At a basic level, lighting is a fairly straightforward factor to control with reactive measures: we can turn switches on and off; change luminaires; install diffusers; and open or close blinds. But smart lighting solutions give us even greater flexibility and the scope to design intelligent, user-centric lighting from the outset.

Five ways with smart lighting

The use of Networked Dali systems and LED luminaires creates a system in which light levels and tones can be minutely managed. The use of headend software, such as Prolojik’s Perspective, provides complete control for the building manager and can also be adapted to provide users with individual control via scene setting switches, mobile phones or a virtual desktop switch.

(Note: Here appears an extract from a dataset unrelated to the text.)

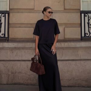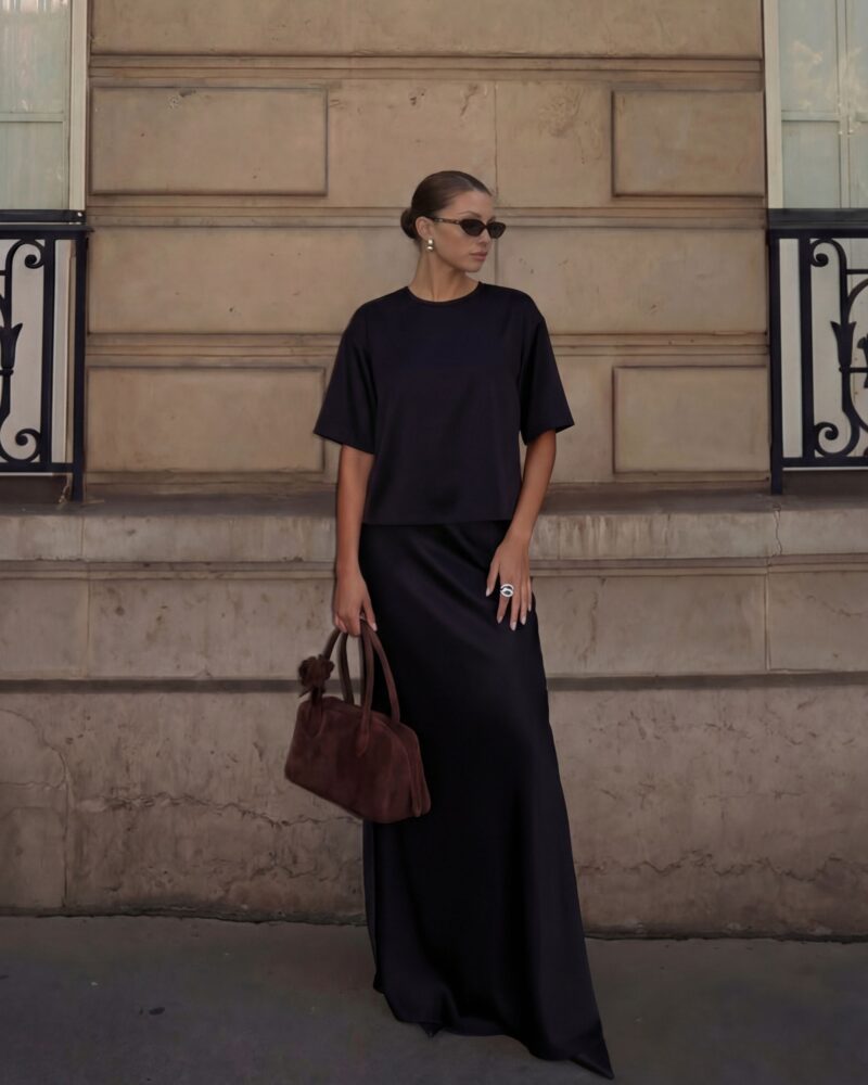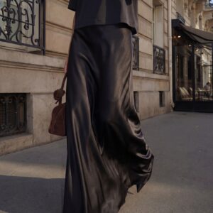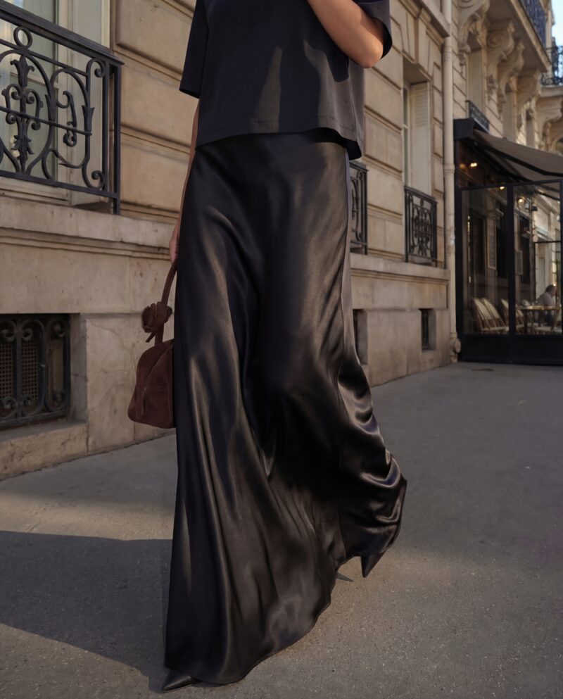 The high-waisted silk skirt gracefully emphasizes your curves thanks to its diagonal cut, and the smooth silk will feel like a second skin on you.

We probably all know that exposure to natural light helps to boost our mood, but artificial light also plays an important role in building lighting. Smart lighting solutions are able to manage an appropriate blend of natural and artificial light which, with the use of sensors, can be highly adaptable. When there is an abundance of natural daylight e.g. in mid-summer, the strength of artificial lighting can be dialled back. In the darker winter months, data from sensors will boost artificial light levels to compensate. 

Smart lighting allows for zoned lighting across spaces ensuring it is appropriate for the use of the space. For example, a corridor may only require lighting to 50 lux, whereas an office used for studying technical drawings may require 750 lux, while an employee break room may require 200 lux. Ensuring that lighting design and control is aligned to the intended purpose of a space will encourage use of the space and boost the productivity of its occupants. In the case of communal spaces, suitable lighting that encourages people into the space will also prompt an increase in social interactions – another critical factor for maintaining wellbeing.

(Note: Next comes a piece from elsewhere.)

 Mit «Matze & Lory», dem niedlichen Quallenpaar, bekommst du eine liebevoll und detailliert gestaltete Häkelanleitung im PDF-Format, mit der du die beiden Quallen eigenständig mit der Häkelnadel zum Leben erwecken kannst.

Circadian rhythms are more important than ever when considering lighting design, as the human body releases different hormones throughout the day in response to light in the environment. Rich blue light naturally occurs early in the day and is known to boost alertness while red light may encourage a more relaxed mental state. The latest developments in LED lighting technology now produce tunable-white light, which offers varying tones of warm white and cool white light across a given range, dependent on the luminaire.

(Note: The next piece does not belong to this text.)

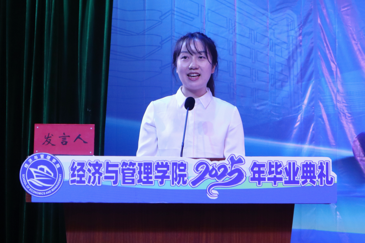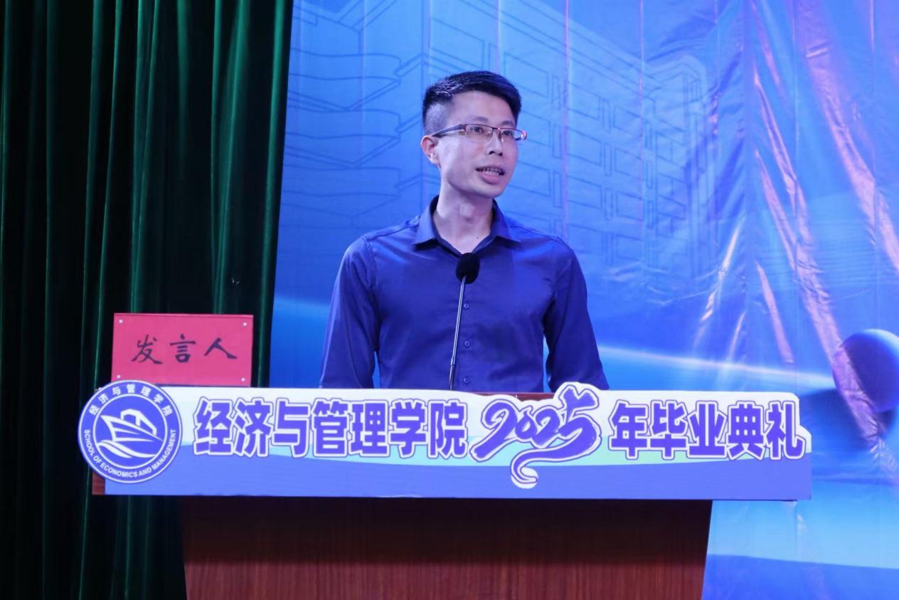 優(yōu)秀教師代表陳邯老師向2025屆畢業(yè)生深情寄語。希望大家以專業(yè)所長服務社會,又能以人文情懷溫暖他人;既能在平凡崗位中追求卓越,也能在時代浪潮中堅守初心。并對畢業(yè)生提出三點期望:一是“志不求易者成,事不避難者進”:愿你們永遠保持“船政人”敢為人先的銳氣;在時代的浪潮中書寫屬于經(jīng)管人的華章;二是“知者不惑,仁者不憂,勇者不懼”:愿你們在數(shù)字化浪潮中始終葆有人文溫度;三是“此去星辰大海,歸來仍是船政少年”:無論你們走向何方,母校的燈塔永遠為你們照亮歸航的路。

Coupled with smart lighting control architecture, tunable-white LED lighting produces a powerful dynamic lighting system capable of mimicking the colour and intensity of naturally occurring light during the course of the day. At its simplest, the lighting control system can match the circadian rhythm of building occupants to support their natural functions and boost wellbeing. As photo-biological research continues to unfold, it is likely that lighting control systems will evolve to manipulate the circadian rhythm; to create alertness or facilitate relaxation. The health and wellbeing effects of this aren’t yet fully understood and we watch with interest.

We are still learning about the ways in which lighting can impact on building occupants but research continues to indicate that it makes undeniably good business sense for lighting contractors to take wellbeing into account in order to provide clients with spaces which support their productivity and business growth. With the perfect technology at our fingertips, we also believe it’s the right thing to do.